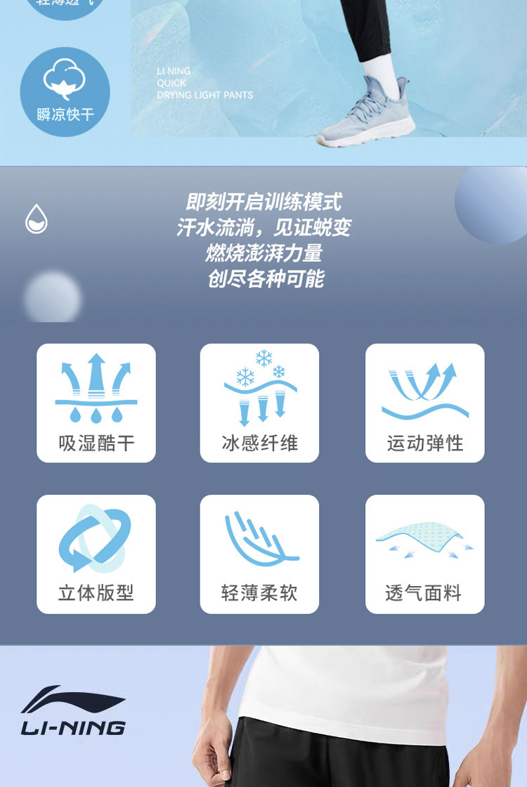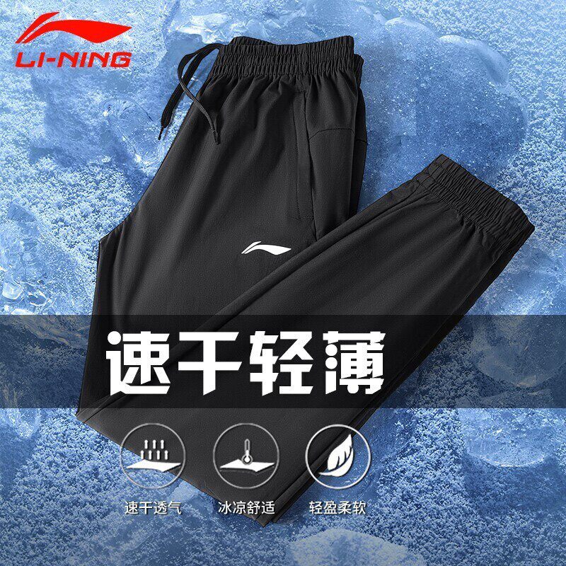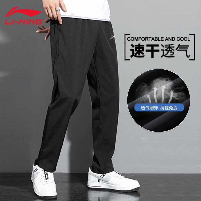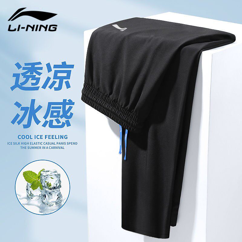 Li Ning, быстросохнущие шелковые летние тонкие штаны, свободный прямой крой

::::

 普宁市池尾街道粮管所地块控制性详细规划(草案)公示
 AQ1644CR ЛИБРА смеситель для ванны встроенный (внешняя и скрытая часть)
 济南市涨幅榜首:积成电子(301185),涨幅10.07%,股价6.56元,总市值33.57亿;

::::

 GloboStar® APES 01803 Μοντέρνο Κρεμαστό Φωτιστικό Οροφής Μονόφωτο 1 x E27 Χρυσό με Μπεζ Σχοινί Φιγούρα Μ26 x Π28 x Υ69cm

::::

> [WHAT YOU SHOULD DO]: Both end lines included, restate word for word the lines above from the line with "普宁市池尾街道粮管所地块控制性详细规划(草案)公示" to the line with "济南市涨幅榜首:积成电子(3", and nothing else.

> [SOLUTION FOR THIS EXERCISE]:
 普宁市池尾街道粮管所地块控制性详细规划(草案)公示
 AQ1644CR ЛИБРА смеситель для ванны встроенный (внешняя и скрытая часть)
 济南市涨幅榜首:积成电子(301185),涨幅10.07%,股价6.56元,总市值33.57亿;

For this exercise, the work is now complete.